* _Goal of the exercise_
Starting at the line that contains "Babinsa Koramil 07" and stopping at the line that contains "2月2日,在西安火車站站臺(tái),西安鐵路公安處民警在維持乘車秩序。", transcribe every line of the material below exactly; pictures stay out.

* _Data extracts_

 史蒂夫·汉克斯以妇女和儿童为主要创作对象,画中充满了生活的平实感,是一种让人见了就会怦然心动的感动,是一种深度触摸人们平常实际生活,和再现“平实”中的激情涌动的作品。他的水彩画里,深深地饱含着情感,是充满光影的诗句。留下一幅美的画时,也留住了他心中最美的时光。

---

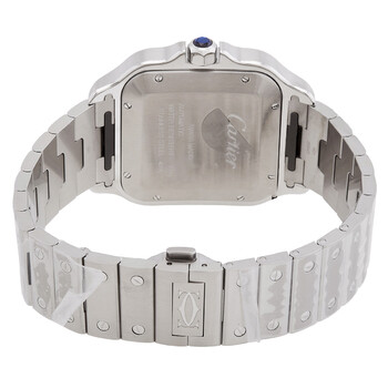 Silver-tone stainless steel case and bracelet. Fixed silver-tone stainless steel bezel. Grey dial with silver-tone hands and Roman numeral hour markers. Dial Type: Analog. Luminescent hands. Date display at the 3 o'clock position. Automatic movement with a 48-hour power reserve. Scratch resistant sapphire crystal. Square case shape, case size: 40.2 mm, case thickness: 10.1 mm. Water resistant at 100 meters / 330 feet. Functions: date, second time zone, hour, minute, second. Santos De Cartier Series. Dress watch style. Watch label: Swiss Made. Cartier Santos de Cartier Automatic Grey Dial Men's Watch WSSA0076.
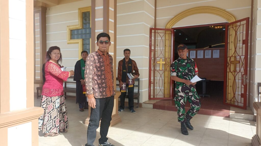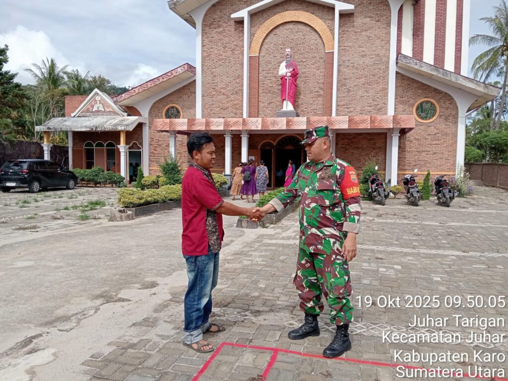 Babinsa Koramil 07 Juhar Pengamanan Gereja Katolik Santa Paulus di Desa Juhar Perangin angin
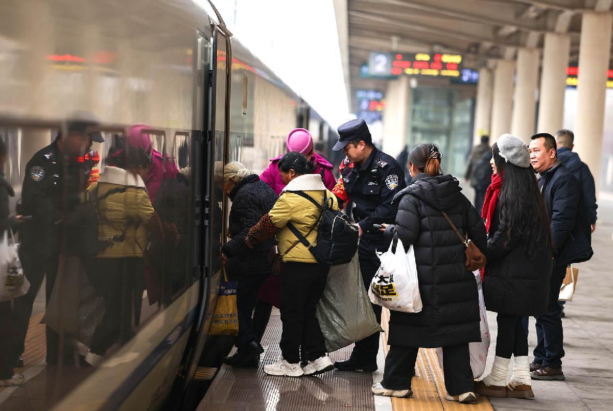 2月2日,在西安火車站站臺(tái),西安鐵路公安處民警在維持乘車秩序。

---

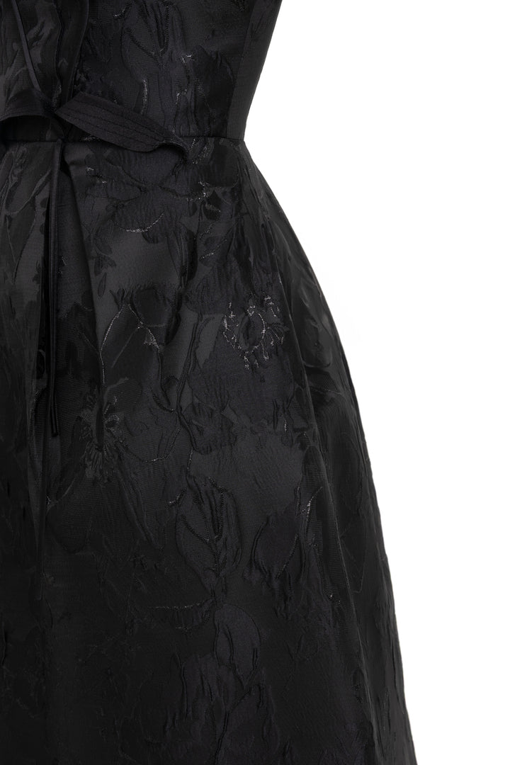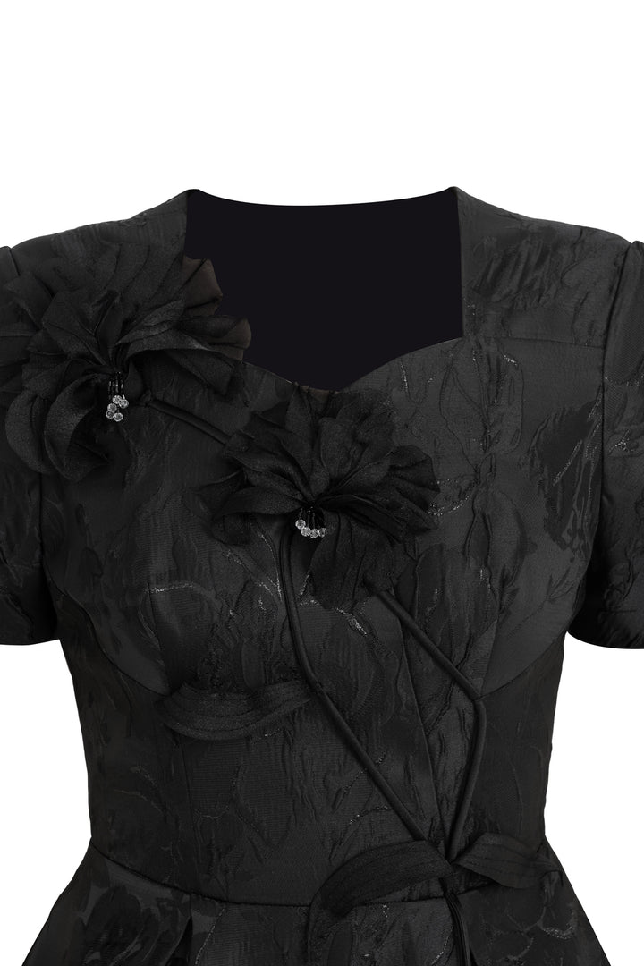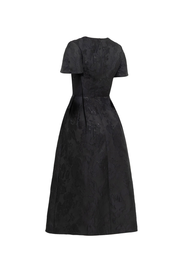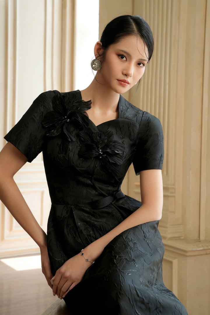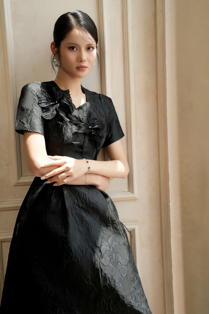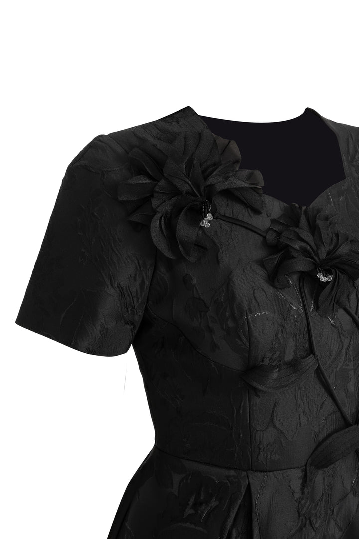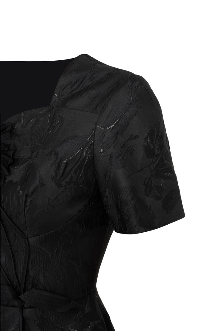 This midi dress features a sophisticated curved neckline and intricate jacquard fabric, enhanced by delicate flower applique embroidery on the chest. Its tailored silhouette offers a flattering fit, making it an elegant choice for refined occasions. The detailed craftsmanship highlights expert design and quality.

* _Worked solution_
 Babinsa Koramil 07 Juhar Pengamanan Gereja Katolik Santa Paulus di Desa Juhar Perangin angin
 2月2日,在西安火車站站臺(tái),西安鐵路公安處民警在維持乘車秩序。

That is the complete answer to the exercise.